姜晚冷笑:“等我认出来?你早知道我会拿到这卷?”
“我不知道。”他声音很平,“但我知道,只要你在,总会有人把东西送到你手里。比如谢沉舟。”
话音刚落,窗外轰的一声炸响。
火光冲天,照得密室瞬间通亮。两人同时转头,只见偏殿方向浓烟滚滚,屋顶塌了一角,瓦片噼里啪啦往下掉。
紧接着,一个黑影从火光中滚进来,满身焦灰,怀里还死死抱着个陶罐。
是谢沉舟。
他趴在地上咳了两声,抬起头,脸都被熏黑了,只露出一双眼睛,还带着点傻气:“娘娘……陛下说……这是新熬的补药……让奴才亲手交给您……”
话没说完,他怀里的罐子又冒起黑烟。
姜晚眼皮一跳:“扔了!”
谢沉舟反应慢半拍,手一松,罐子落地。
砰!
炸得满地碎片,黑灰溅了一墙。
他坐在地上,呆住了,嘴里还念叨:“补药……怎么就炸了……陛下明明说……温火慢炖三个时辰……不能断火……”
姜晚盯着他,脑子飞快转。
这已经是第三次了。
第一次,他送来贴着“补药”的陶罐,里面是火药底料;
第二次,他差点被炸飞,是因为体内导火管被点燃;
这一次,他又抱着“补药”送上门,还是炸了。
而每一次,都是萧绝让他来的。
她缓缓转头,看向萧绝。
他站得笔直,脸上没什么表情,只是右手拇指在轮椅扶手上轻轻摩挲,那是他思考时的习惯动作。
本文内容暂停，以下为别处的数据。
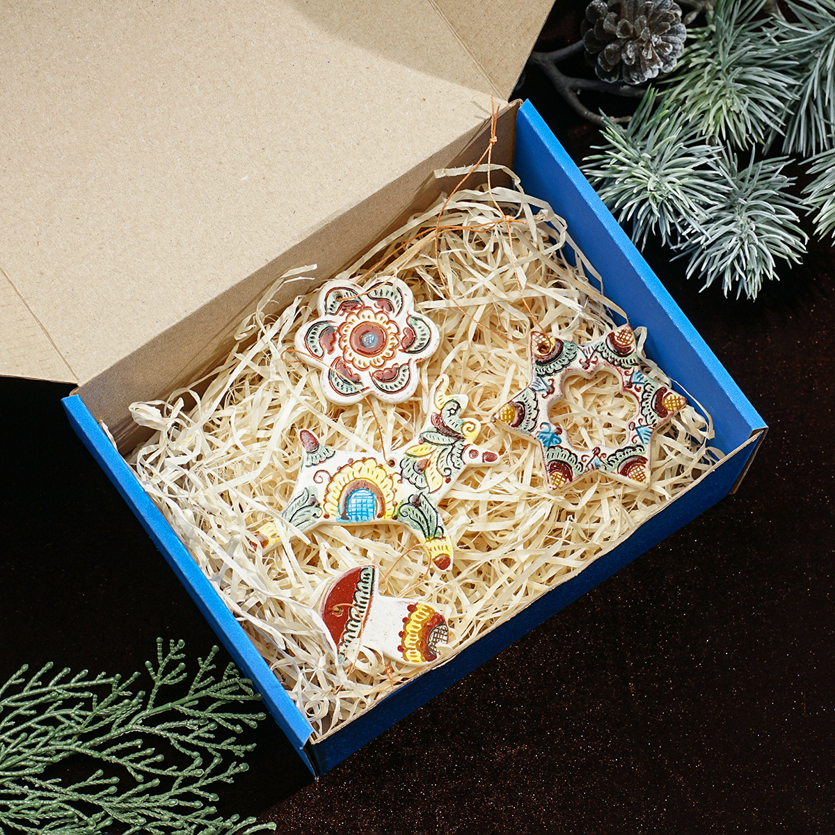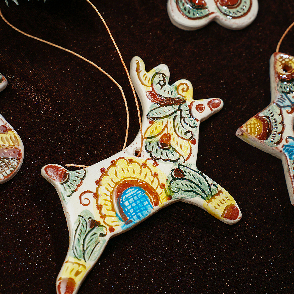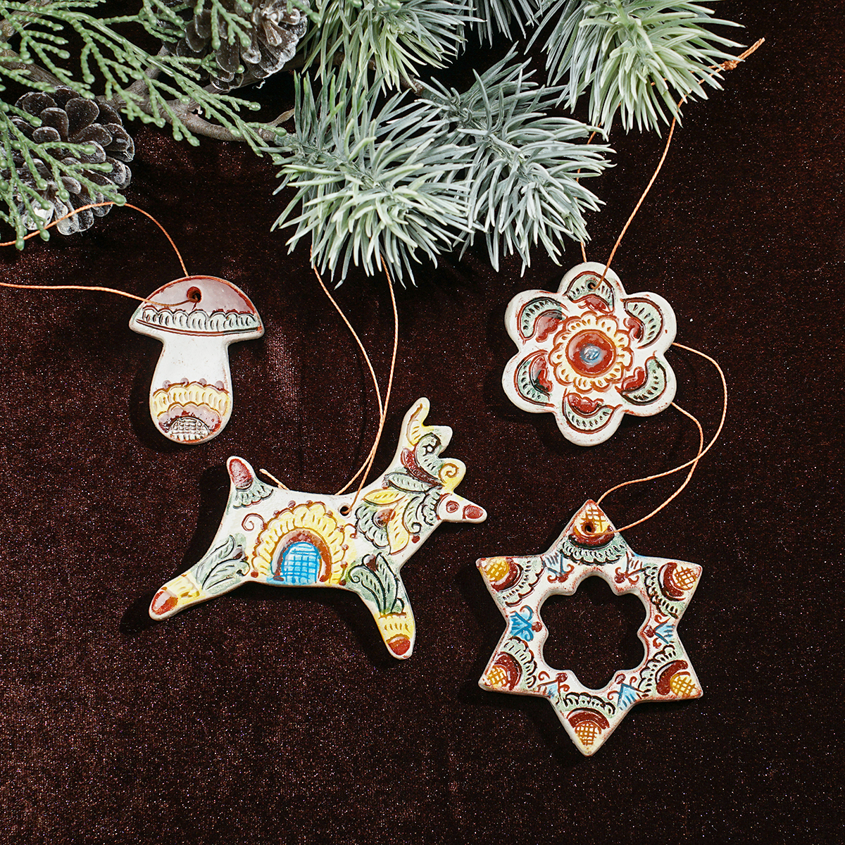 Set of Christmas tree decorations "Carols" (4 pcs.), Hutsul ceramics, author Ivanna Kozak

“你说,”姜晚声音很轻,“这些‘补药’,真是你让他送的?”
萧绝点头:“是我。”
“你知道会炸?”
“知道。”
“那你为什么不拦?”
“因为他必须炸。”萧绝说,“不炸,别人就不会动手。”
姜晚懂了。
谢沉舟不是传信人,他是信号。
哪壶不开提哪壶,专挑最危险的东西往她面前送。炸一次,外面的人就以为计划暴露一次。炸三次,他们就坐不住了。
所以这次爆炸,不是意外。
是启动键。
“覆巢计划”,开始了。
她低头看着羊皮卷,手指死死掐着边缘。卷上那八个字像活了一样,不断在她眼前晃。
用双生血脉引蛊潮。
萧绝有烛阴纹,是目标之一。
那另一个呢?
她忽然想起三年前,在冷宫后墙挖出的那个小铁盒。里面没有遗诏,只有一张烧了一半的出生录,上面有两个名字,其中一个被划掉了。
当时她以为是宫斗旧事,没多想。
现在想来,那张录纸上,也有同样的烛阴标记。
她抬头,正要开口,萧绝却先说了话。
“你不用问。”他说,“我知道你在想什么。”
“哦?”她冷笑,“那你告诉我,我在想什么?”
“你在想,”他看着她,“我是不是从一开始就在骗你。冷宫相遇是假的,暴君人设是假的,连怕你毒死我,都是演的。”